A library for fetching scientific articles from various sources
Project description
Scista
Scista - Python library for searching and downloading scientific articles from various sources, including OpenAlex, CORE and Unpaywall.
Functionality
- Search for articles by topic, category and date
- Get article metadata (title, authors, DOI, etc.)
- Download full texts and PDF versions of articles
- Support for multiple data sources
Installation
pip install scista
Requirements
- Python 3.7+
- API key for CORE (get it on CORE API)
- Email for Unpaywall
Search Filters
The library provides several optional search filters that can be used individually or in combination:
articles = fetcher.fetch_articles(
topic="quantum computing", # Search by topic in title
num_articles=5, # Number of articles to fetch (default: 5)
categories=["Physics"], # Filter by scientific categories
from_date="2023-01-01", # Start date (format: YYYY-MM-DD)
to_date="2023-12-31", # End date (format: YYYY-MM-DD)
sort_by_date=True, # Sort by date (newest first if True)
journals=["1234-5678"] # Filter by journal ISSN(s)
)
All filters are optional.
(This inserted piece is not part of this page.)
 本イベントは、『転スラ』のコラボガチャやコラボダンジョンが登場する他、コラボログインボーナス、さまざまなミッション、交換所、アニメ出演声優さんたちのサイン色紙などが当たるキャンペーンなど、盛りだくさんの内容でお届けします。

You can use any combination of them:
# Search only by topic
articles = fetcher.fetch_articles(topic="quantum computing")
# Search by category and date range
articles = fetcher.fetch_articles(
categories=["Physics"],
from_date="2023-01-01",
to_date="2023-12-31"
)
# Get latest articles from specific journals
articles = fetcher.fetch_articles(
journals=["1234-5678", "8765-4321"],
sort_by_date=True,
num_articles=10
)
Filter Details
topic: Search for articles with this topic in the titlenum_articles: Maximum number of articles to fetch (default: 5)categories: Scientific categories to filter by. Can be a single category or a listfrom_date: Start date in YYYY-MM-DD formatto_date: End date in YYYY-MM-DD formatsort_by_date: If True, sorts by date descending (newest first)journals: Filter by journal ISSN(s). Can be a single ISSN or a list
Return Values
The fetch_articles() method returns a list of Article objects. Each Article object contains:
class Article:
title: str # Title of the article
doi: str # Digital Object Identifier
publication_date: str # Publication date in YYYY-MM-DD format
text: str | None # Full text or abstract (if available)
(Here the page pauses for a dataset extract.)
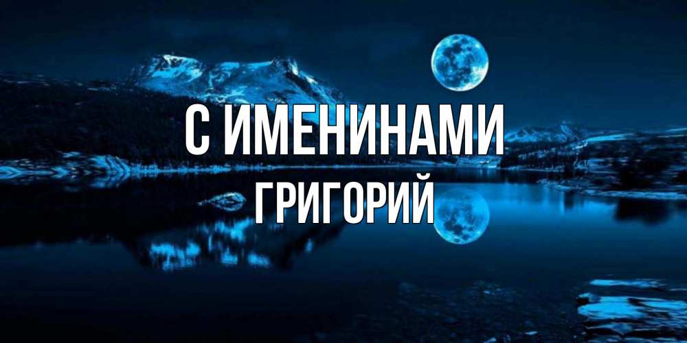 Открытка С именинами Григорий. Луна и озеро. луна, озеро, горы

pdf_url: str | None # URL to download PDF (if available)
Example of returned data:
articles = fetcher.fetch_articles(topic="quantum computing", num_articles=1)
article = articles[0]
print(article)
# Output:
# Title: Quantum Computing: A New Era of Computation
# DOI: 10.1234/example.doi.2023
# Date: 2023-12-25
# Text: This paper explores the fundamentals of quantum computing...
# PDF URL: https://example.com/article.pdf
# Access individual fields
print(article.title) # Get article title
print(article.doi) # Get DOI
print(article.publication_date)# Get publication date
print(article.text) # Get full text/abstract
print(article.pdf_url) # Get PDF URL
# Save PDF if available
if article.pdf_url:
article.save_pdf("article.pdf")
Notes about returned data:
text: Can contain either full text (from CORE) or abstract (from Unpaywall)pdf_url: URL for PDF download, available if article is found in CORE or Unpaywalldoi: May be None for some articlespublication_date: Always provided, but format may vary depending on source- Articles are returned in order specified by
sort_by_dateparameter
Methods
Article class methods
save_pdf(path: str) -> bool
Saves the article's PDF to a file if available.
article = articles[0]
success = article.save_pdf("article.pdf")
if success:
print("PDF successfully saved")
else:
print("Failed to save PDF or PDF not available")
Parameters:
path: Path where to save the PDF file
Returns:
bool: True if PDF was saved successfully, False if PDF is not available or there was an error
Error handling:
- Returns False if PDF URL is not available
- Returns False if download fails (HTTP error)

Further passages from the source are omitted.